At Instructure, we believe in the power of people to grow and succeed throughout their lives. Our goal is to amplify that power by creating intuitive products that simplify learning and personal development, facilitate meaningful relationships, and inspire people to go further in their education and careers.
We do this by giving smart, creative, passionate people opportunities to create awesome. And that's where you come in:
Location: Remote
Department: Engineering
Level: Senior Leadership
Employment Type: Full-time
AI-Forward Role
We are seeking a Director of Data & Analytics Engineering to lead our data platform teams and power decision-making across the company. In this senior leadership position, you will own and evolve our end-to-end data platform—from ingestion and transformation to analytics layers that business teams rely on daily. You’ll oversee Data Engineering (infrastructure, pipelines, reliability) and Analytics Engineering (data models, metrics, self-serve tooling), while championing an AI-first approach to the way we build, operate, and innovate.
Four Pillars of This RolePlatform Leadership: Own the architecture and roadmap for the modern data stack, from source systems through to consumption layers.
Team Building: Hire, grow, and inspire both data engineers and analytics engineers, fostering a culture of quality, curiosity, and ownership.
AI Integration: Embed AI tooling natively into the team’s workflows for build, testing, documentation, and monitoring of our data platform.
Business Partnership: Translate commercial priorities into robust data infrastructure that is agile, trusted, and scalable.
Define and own the multi-year roadmap for the data platform, aligning investments in infrastructure, tooling, and headcount with business strategy.

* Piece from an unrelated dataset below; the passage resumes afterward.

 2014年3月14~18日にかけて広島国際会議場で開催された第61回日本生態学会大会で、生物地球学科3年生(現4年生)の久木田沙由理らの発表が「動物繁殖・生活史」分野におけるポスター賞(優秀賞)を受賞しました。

Lead and grow two high-performing teams—Data Engineering and Analytics Engineering—cultivating a collaborative, feedback-rich environment with clear career pathways.
Architect and oversee scalable data pipelines across ingestion, transformation, orchestration, and delivery, for both batch and streaming use cases.

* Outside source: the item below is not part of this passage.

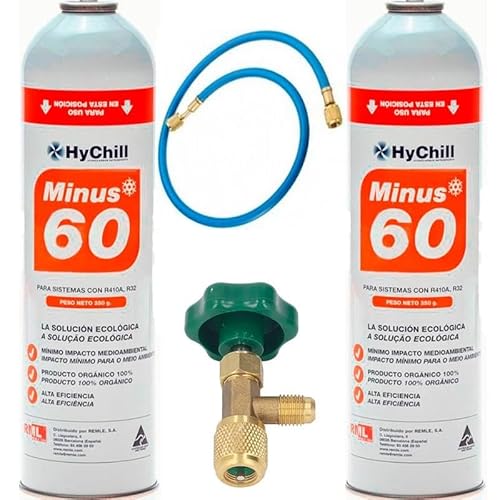 REPORSHOP 2 x Minus 60 350 Gr gasflaskor + ventil + ersättningsslang R32, R410A ekologisk frys

Champion best practices in analytics engineering, including semantic layer design, dbt modelling standards, data contracts, and metrics governance.
Partner with Data & Decision Science, Product, Finance, and Commercial teams to deliver high-quality, self-serve data solutions aligned to business needs.
Ensure data platform reliability, observability, SLAs, and incident response, treating the platform as a product with real users.
Drive vendor and tool evaluations for the modern data stack (cloud warehouse, orchestration, cataloging, transformation, reverse ETL, etc.).
Set and enforce data quality, documentation, and governance standards to build trust across the business.
AI-assisted development: Champion use of AI coding assistants and LLM-powered tooling (e.g. Cursor, GitHub Copilot, Claude) to accelerate delivery and reduce toil.
Intelligent data pipelines: Implement AI-native patterns—LLM-generated documentation, anomaly detection, data quality monitoring, and automated root-cause analysis.
Natural language interfaces: Prototype NL-to-SQL and AI-powered BI tools to empower self-serve analytics for non-technical users.
AI platform enablement: Build foundational data infrastructure (feature stores, vector stores, model metadata, evaluation datasets) to enable AI and ML experimentation and scale.
7+ years in data engineering or analytics engineering, with 3+ years in a senior leadership role managing multiple teams
Deep expertise in the modern data stack—cloud data warehouses (Snowflake, BigQuery, or Databricks), dbt, orchestration tools (Airflow, Dagster, or Prefect), and ELT frameworks
Proven ability to define and execute a multi-year data platform strategy
Strong stakeholder management, including executive presentations and translating technical concepts to non-technical audiences
Experience building and scaling high-performing engineering teams: hiring, mentoring, performance management
Track record of delivering trusted, well-documented, and widely adopted data products
It would be great if you also had:
Hands-on experience integrating AI/LLM tooling into engineering workflows or data products
Familiarity with semantic layer tools (e.g. MetricFlow, Cube), data cataloging (e.g. Atlan, Datahub), and data observability platforms
Experience with streaming data (Kafka, Flink, or Kinesis) and batch processing
Knowledge of ML infrastructure: feature stores, model serving, vector databases
Exposure to data mesh or data product organizational models
Strong command of SQL and Python
We believe the best data leaders are equal parts engineer, strategist, and people developer. If you are energized by the intersection of platform craft and AI, we encourage you to apply.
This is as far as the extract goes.